Analysis of pig fetal fibroblast anti-CD2 knock-in clone #3. (A) Absence of αGal expression by clone #3 (red line); blue line, WT fibroblasts; black line, unstained WT fibroblasts. (B) Presence of anti-CD2 mAb diliximab in the supernatant of clone #3 (red line) detected as described in the legend to Fig. 2; blue line, positive control (20 ng/ml purified diliximab); black line, supernatant from WT fibroblasts. (C) PCR analysis to confirm correct targeting in clone #3 and in two piglets generated from clone #3 by somatic cell nuclear transfer. The schematic diagram (top) shows the expected genomic configuration for integration of the knock-in construct in GGTA1; the upstream and downstream homology arms (HA) are shown in yellow. Two primer pairs (red arrowheads; 5′ = UKI-F3/UKI-R2; 3′ = 117-F/1123-R), each with one primer outside and one primer within the targeting construct, were used with genomic DNA isolated from clone #3 fibroblasts (lanes 1), WT fibroblasts (lanes 2), two cloned piglets (lanes 3 and 4), and one WT piglet (lanes 5).
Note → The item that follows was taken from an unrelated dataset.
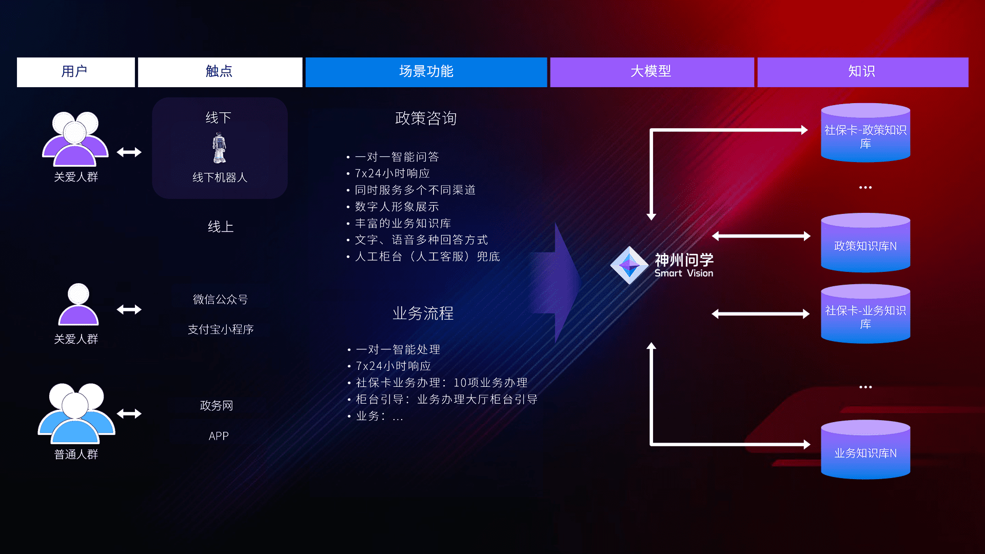 • 线上线下全覆盖:线上提供微信公众号、、支付宝小程序、、、政务网、、、app多种渠道,,,与线下机器人形成完整服务体系。。。

Clone #3 and both cloned piglets generated upstream and downstream products of the expected size (1506 bp, lanes 1, 3 and 4, left hand gel; and 947 bp, lanes 1, 3 and 4, right hand gel, respectively), which were confirmed by sequencing. MW, molecular weight markers (λ/HindIII + θX174/HaeIII).

Figure 4

Anti-CD2 knock-in pigs. (A) Healthy appearance of the pigs. (B) Absence of αGal expression on peripheral blood leukocytes (PBL) (red line); blue line, WT leukocytes; black line, unstained. (C) Presence of anti-CD2 mAb diliximab in the serum (diluted 1:50) of a knock-in pig (red line), detected as described in the legend to Fig. 2; blue line, positive control (WT pig serum spiked with 200 ng/ml purified diliximab); black line, WT pig serum.